From the point of view of the Jožef Stefan Institute and our researchers, the close cooperation with Arnes and NORDUnet, as well as the access to initiatives and infrastructures within GÉANT, have become an indispensable a part of our working environment. The ability to rely on them when working with our colleagues in large collaborations and across borders is a prerequisite for participating in key scientific challenges we face today. But the ideas of collaboration, federation and interdisciplinary research that GÉANT is built on, and that universities and research institutions understand, are a cornerstone of our ability to address such challenges. The collaboration with Arnes and NORDUnet is a prime example: building on efforts within the EGEE and EGI initiatives, as well as regional and national efforts, GÉANT enabled Arnes and NORDUnet to help us participate in a pan-Nordic effort to provide a regional Tier-2 storage facility for ATLAS. The expansion to Slovenia and other countries, made possible by this collaboration, was a great demonstration of the versatility and power of the GÉANT infrastructure. Arnes and NORDUnet worked directly with us as their users. It was not only a success, but also a proving ground for dedicated scientific VLAN usage in the context of big data pipelining to computer centres. It opened the door to a new approach where our users can relay to use multiple 100Gbps lines for data transfer between storage and computing in multinational research collaborations or within national networks.

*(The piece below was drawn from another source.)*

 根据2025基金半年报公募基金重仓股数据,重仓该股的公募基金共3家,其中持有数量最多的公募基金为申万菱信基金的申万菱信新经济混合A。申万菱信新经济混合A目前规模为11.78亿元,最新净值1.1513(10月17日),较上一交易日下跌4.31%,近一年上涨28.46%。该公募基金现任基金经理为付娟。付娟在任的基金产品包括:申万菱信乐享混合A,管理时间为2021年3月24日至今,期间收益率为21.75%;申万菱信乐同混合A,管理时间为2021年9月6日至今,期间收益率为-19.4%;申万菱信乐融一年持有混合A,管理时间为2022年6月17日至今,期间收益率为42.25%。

What’s next for the Slovenian supercomputer?
Vega was built as part of our national HPC RIVR project. The aim was to upgrade regional and national high-performance computing capacities, and it’s been a great success, not only with Vega, but also with HPC Maister at the University of Maribor, HPC RIVR project coordinator. The general interest has prompted Arnes to upgrade its HPC facility so that we have a modern system that is also available for training and education. But all this interest means that all our machines, not just Vega, are in great demand, while our staff is also busy working on projects to improve software and security, working on scalability, expanding federation support for HPC centres and large data repositories etc.

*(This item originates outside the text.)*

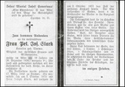 ∞ 03.10.1873 Peter Josef Stark; 12 Kinder, davon 4 † ; Mitglied des christlichen Frauen- und Müttervereins; |

I have to mention MAX (MAterials design at the eXascale), the EuroHPC centre of excellence, in which our group is directly involved and which allows us first-hand experience of running advanced software on different machines and architectures. We are also preparing the infrastructure for a successor to Vega, but at the moment we are spending more time on our work within the Leonardo consortium, supporting HPC Leonardo, one of the most powerful machines in the world.

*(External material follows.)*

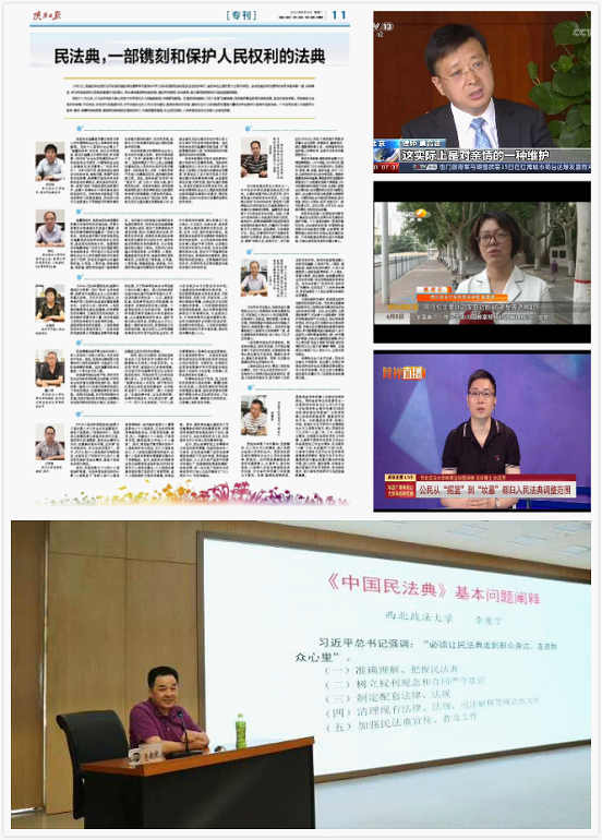 发挥专业优势宣讲《民法典》,助力《民法典》普及。一是整合专业资源,鼓励“走出去”。蓝鲸直播 高度重视《民法典》宣讲工作,第一时间集结蓝鲸直播 优质师资力量,为老师们“走出去”牵线搭桥,搭建宣讲平台。二是组建宣讲团队,形成宣讲专题。根据宣讲对象的特点及要求,采用“菜单式”“定制式”模式确定宣讲内容。目前,蓝鲸直播 宣讲团队已面向省内外党政机关、高校、企事业单位及法律实务部门开展宣讲及接到预约邀请数十场。三是充分利用媒体平台,普及《民法典》。蓝鲸直播 韩松、张翔、李康宁、董少谋、廉高波、郝佳、陈凌云、孙政伟等多名教师在中央电视台、《人民法治》杂志、中国妇女报、陕西电视台、陕西日报等重要媒体为《民法典》积极发声,为《民法典》的宣传推广贡献了重要力量。

In the long term, however, our efforts to expand the national network computing federation are probably more important. Based on our Arnes AAI federation and the initiatives of eduGAIN, eID and AARC, we are working on building a federation with EuroHPC systems. Based on our experience with GÉANT and the Nordic federations we hope to enable a similar collaboration in supercomputing and large data repositories. But we need to address new challenges, such as advanced software support, security, hyperconnectivity and communication with user communities – and for all of these issues GÉANT is key.
Personally, I believe that GÉANT could provide us the context in which to develop better, simpler tools for researchers and students. EuroHPC aims to build 1Tbps hyper-connected supercomputers, but we also need to build the user communities that will be able to make use of these new systems. So, in the end, what we need to address is the challenge of academic networking in every sense of the word.